Abstract:
Objective To explore the predictive value of immune inflammation combined with liver function hematological indicators for the metastasis of colorectal cancer.
Methods A retrospective analysis of clinical data of 133 patients with colorectal cancer was conducted. The patients were divided into three groups based on disease progression after 24 months of postoperative follow-up: non-metastasis group (n=38), liver metastasis group (n=43), and non-liver distant metastasis group (n=52). The immune inflammatory markers and liver function hematological indicators of progression-free survival were analyzed. Nomogram prediction models were constructed using univariate and multivariate logistic regression analyses to identify risk factors for metastasis of colorectal cancer. The accuracy of the nomogram was validated using receiver operating characteristic (ROC) curve and calibration curve, and the clinical predictive efficacy was evaluated through decision curve and clinical impact curve.

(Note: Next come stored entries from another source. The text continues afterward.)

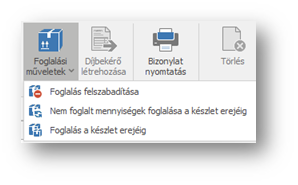 Foglalás műveletek: Foglalás felszabadítása / Nem foglalt mennyiségek foglalása a készlet erejéig / Foglalás a készlet erejéig, választással feloldható a foglalás, vagy lefoglalhatók a rendelés tételei. (Mennyiség forrása = "Raktár" esetén lehet a műveletekkel foglalni. "Szállítói rendelés", "Gyártás" esetben csak felszabadítani lehet.) A folyamat részletes leírása a Készlet foglalás fejezetben található.
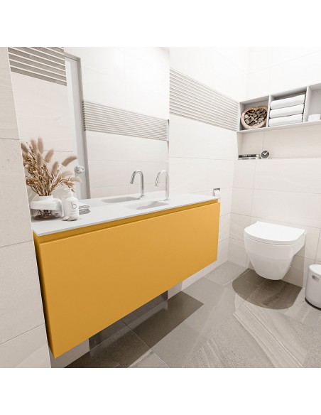 OLAN Komplet badmiljø centreret håndvask B120 cm MDF - Okker/Talkum
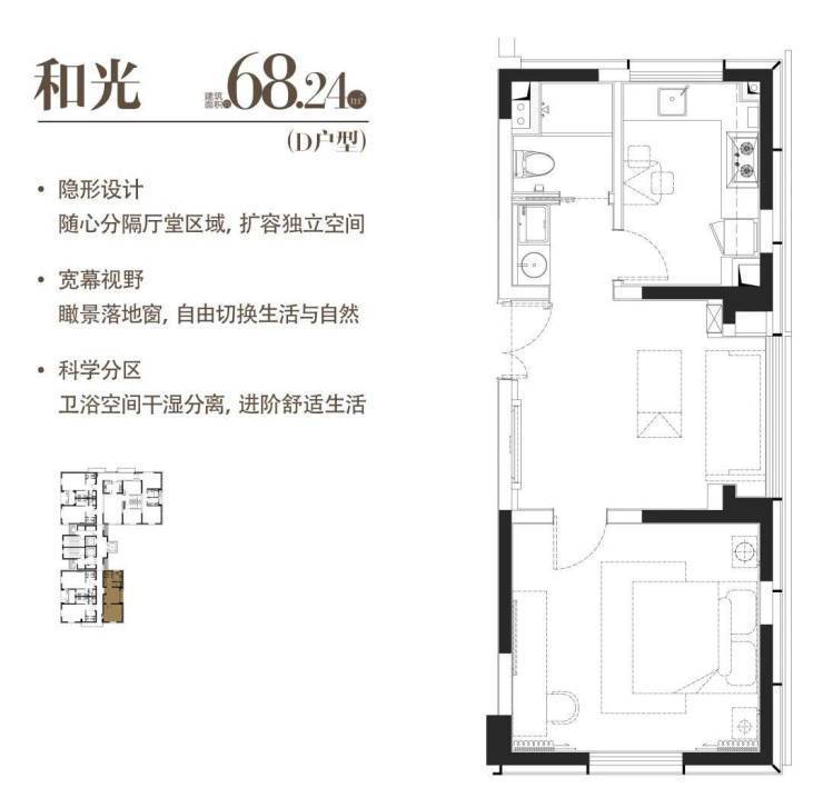 D|和光|建面约68.24m²|一室一厅一厨一卫
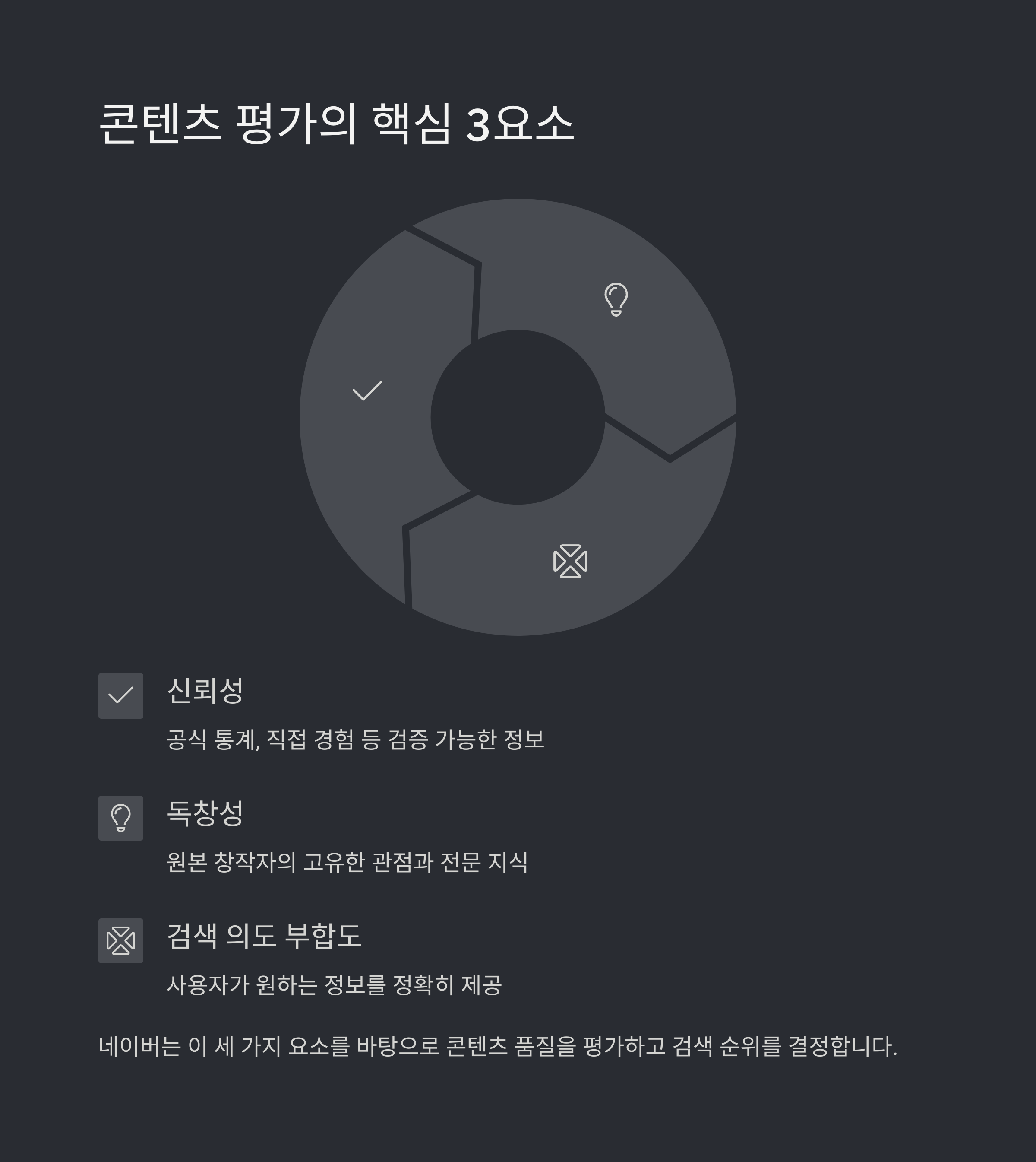네이버는 단순한 정보 나열이 아닌, ‘사람 중심’ 콘텐츠를 우선 평가합니다. 아래는 네이버가 공식적으로 밝힌 콘텐츠 평가 기준을 요약한 내용입니다.

Results Univariate and multivariate logistic regression analyses showed that pan-immune-inflammatory value (PIV), prognostic nutritional index (PNI), and bile acid (BA) were independent predictors of colorectal cancer metastasis. The area under the ROC curve of the combined prediction of metastasis was 0.84; neutrophil/lymphocyte ratio (NLR) and BA were independent predictors of liver metastasis from colorectal cancer. The area under the ROC curve of the combined prediction of liver metastasis was 0.83; PIV and PNI were independent predictive factors for the occurrence of non-liver distant metastasis from colorectal cancer. The area under the ROC curve for the combined prediction of non-liver distant metastasis was 0.83. The calibration curve, decision curve, and clinical impact curve showed that the three models had good accuracy and net benefit value.
Conclusion The nomogram constructed based on immune inflammation and liver function hematological indicators can predict the metastasis of patients with colorectal cancer and has high predictive efficacy and clinical application prospects.